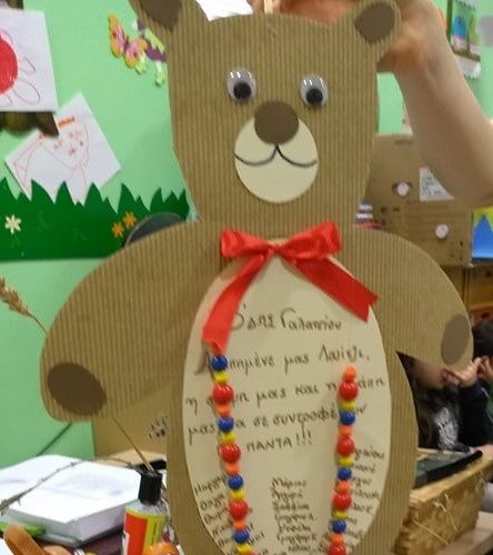 Τα παιδιά έστειλαν μαζί με την αγάπη τους δυο γλυκά λογάκια, στον Λουϊτζι, το μικρό αρκουδάκι, τα οποία έλεγαν τα εξής: «Εμείς λοιπόν εδώ, λατρεύουμε τα κάθε είδους ταξίδια! Τα … ΜΑΚΡΙΝΑ ΤΑΞΙΔΙΑ … σε νέους τόπους και προορισμούς! Τα … ΠΟΛΥΧΡΩΜΑ ΤΑΞΙΔΙΑ … της φαντασίας μας, που θα μας μεταφέρουν, σε μέρη μακρινά, πασπαλισμένα με τη χρυσόσκονη των παιδικών ονείρων μας! Μα πιο πολύ αγαπάμε τα … ΤΑΞΙΔΙΑ ΤΗΣ ΚΑΡΔΙΑΣ ΜΑΣ…!Εκείνα που μας κάνουν ΧΑΡΟΥΜΕΝΟΥΣ και ΕΥΤΥΧΙΣΜΕΝΟΥΣ και ζωγραφίζουν στα πρόσωπά μας, χαμόγελα γλυκά! Ένα τέτοιο ταξίδι κάναμε μαζί σου αγαπημένε μας Λουϊτζι! Ακόμα κι αν ποτέ δεν βρεθήκαμε από κοντά, πετάξαμε ωστόσο κοντά σου με τα φτερά της καρδιάς μας, σε γνωρίσαμε, σε λατρέψαμε και πάνω απ΄όλα σε κάναμε φίλο μας. Είσαι από εκείνους τους φίλους, που τους κρατάς καλά κλειδωμένους μέσα σου. Που δεν τους βλέπεις, αλλά ξέρεις ότι είναι πάντα εκεί! Σου στέλνουμε τα φιλιά μας, την αγάπη μας και μια τεράστια αγκαλιά! Και μην ξεχνάς… Μια μέρα χωρίς να συναντήσεις ένα φίλο, είναι σαν ένα βάζο που δεν έχει μέσα του ούτε μια σταγόνα μέλι! Σ΄ αγαπάμε πολύ!!!»
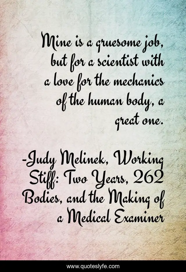 This page presents the quote "Mine is a gruesome job, but for a scientist with a love for the mechanics of the human body, a great one.". Author of this quote is Judy Melinek, Working Stiff: Two Years, 262 Bodies, and the Making of a Medical Examiner. This quote is about death, science, forensics, health, medicine, memoir,.
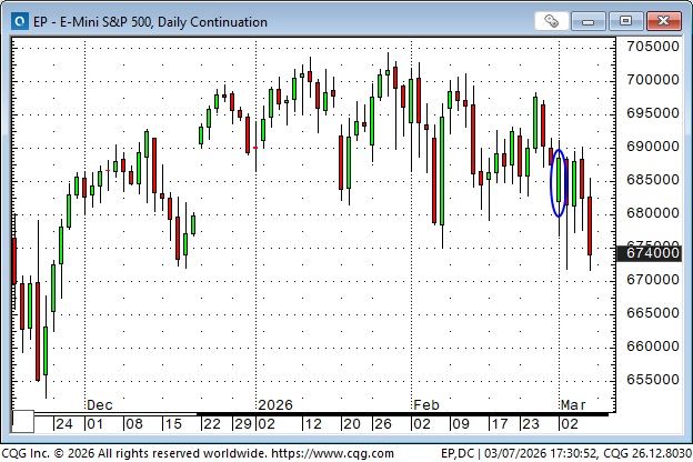 The S&P opened lower on Monday in response to the weekend attack on Iran, but then rallied to close above Friday’s close (blue ellipse) as WTI gapped nearly $10 higher on Monday but then fell back ~$5.
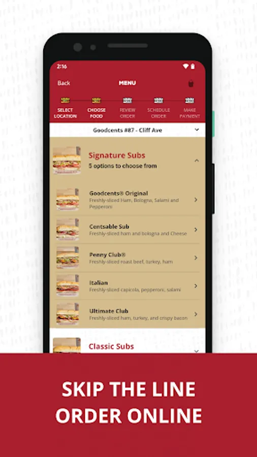 Good food that makes Goodcents. Come to the home of the 16-inch sub and savor pillowy soft bread baked twice a day, along with sliced-to-order meats and cheeses, piled high with fresh veggies, a splash of vinegar and oil, and don’t forget the oregano. With a mission to make the little guy famous, we proudly craft the most delicious subs, delectable pastas, crave-worthy cookies, and convenient Goodcents To Go meals on planet Earth.
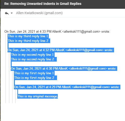 A So So Workaround To The Inability To Remove The Indents In Gmail Replies Gmail Community
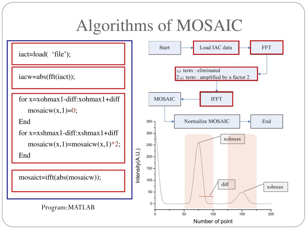 Algorithms of MOSAIC iact=load(‘file’); iacw=abs(fft(iact)); for x=xohmax1-diff:xohmax1+diff mosaicw(x,1)=0; End for x=xshmax1-diff:xshmax1+diff mosaicw(x,1)=mosaicw(x,1)*2; End mosaict=ifft(abs(mosaicw)); xohmax diff xshmax Program:MATLAB
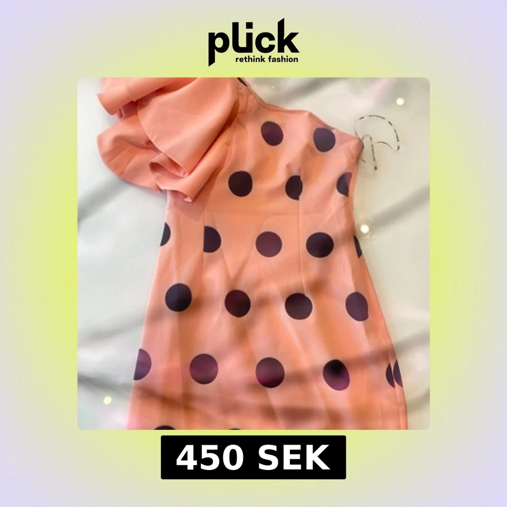Supersöt rosa klänning från Bonophard med stora svarta prickar och en unik volangdetalj vid axeln. Klänningen har en axelbandslös design och är perfekt för dig som vill sticka ut med ett lekfullt mönster och trendig look.
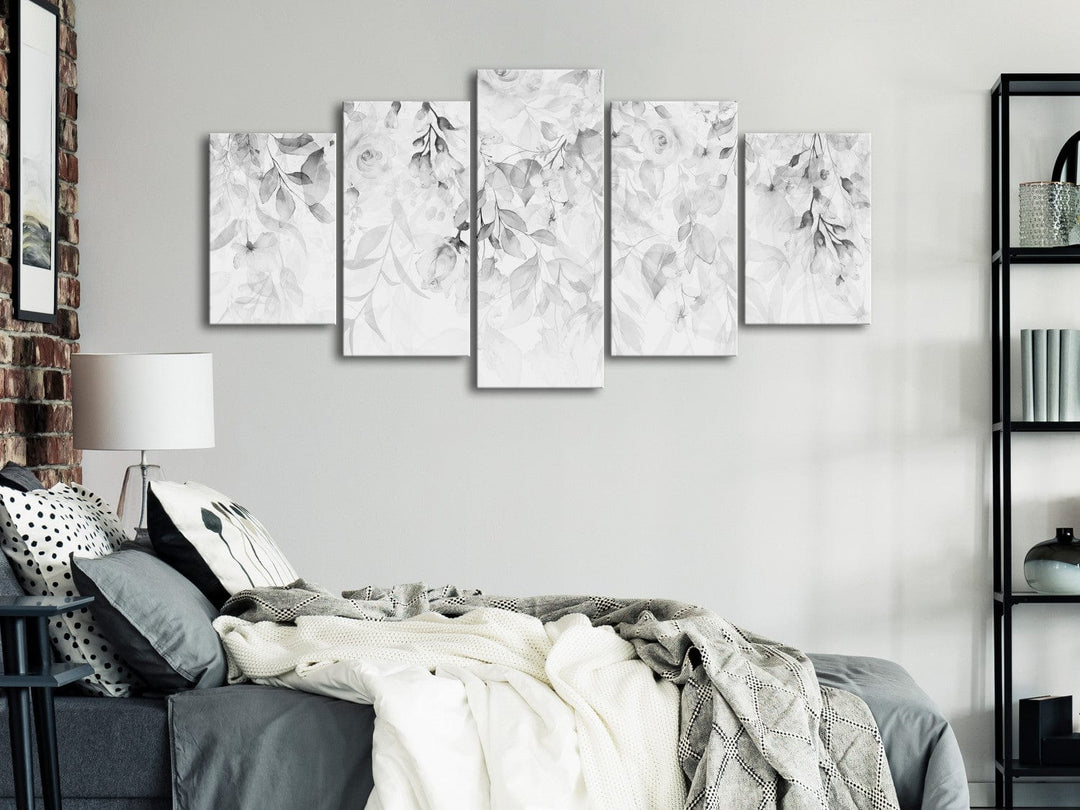 Paveikslai ant drobės su juodais lapais ant baltos spalvos - Rožių krioklys, (x 5), 150082
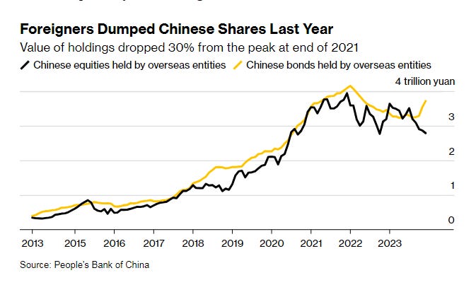 Foreign investors continue reducing Chinese stock holdings, with net withdrawal value 14.5 billion CNY (~2 billion USD) in January via Hong Kong exchange.
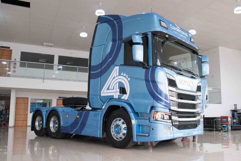 Com uma pintura especial, na cor azul oceano, este caminhão foi pensado para comemorar os 40 anos da Cordenonsi. Na ocasião da entrega, o cliente também recebeu uma placa de homenagem e uma miniatura exclusiva.
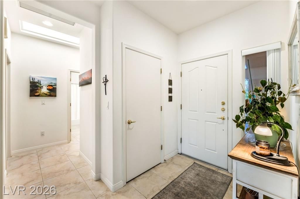 Experience the perfect balance of independence and resort-style living in Sun City Summerlin.This beautifully maintained, move-in ready Warwick model offers 2 bedrooms, 2 bathrooms, and 1,250 sq. ft. of bright, easy living. Enjoy a private gated courtyard, an open-concept layout with tile flooring throughout, and a well-equipped kitchen with newer appliances. The spacious primary suite features a bay window, walk-in closet, and walk-in shower, while the secondary bedroom is perfect for guests, a home office, or whatever you desire. Step outside and enjoy premier 55+ amenities—golf, pools, fitness centers, pickleball, and endless social activities. Low-maintenance living, vibrant community, and the lifestyle you’ve been waiting for.

────────────────────────────────────────

Leave the pictures aside and print exactly, and only, the lines from the one with "Com uma pintura" through the end of the data, both included.

Completed task
 Com uma pintura especial, na cor azul oceano, este caminhão foi pensado para comemorar os 40 anos da Cordenonsi. Na ocasião da entrega, o cliente também recebeu uma placa de homenagem e uma miniatura exclusiva.
 Experience the perfect balance of independence and resort-style living in Sun City Summerlin.This beautifully maintained, move-in ready Warwick model offers 2 bedrooms, 2 bathrooms, and 1,250 sq. ft. of bright, easy living. Enjoy a private gated courtyard, an open-concept layout with tile flooring throughout, and a well-equipped kitchen with newer appliances. The spacious primary suite features a bay window, walk-in closet, and walk-in shower, while the secondary bedroom is perfect for guests, a home office, or whatever you desire. Step outside and enjoy premier 55+ amenities—golf, pools, fitness centers, pickleball, and endless social activities. Low-maintenance living, vibrant community, and the lifestyle you’ve been waiting for.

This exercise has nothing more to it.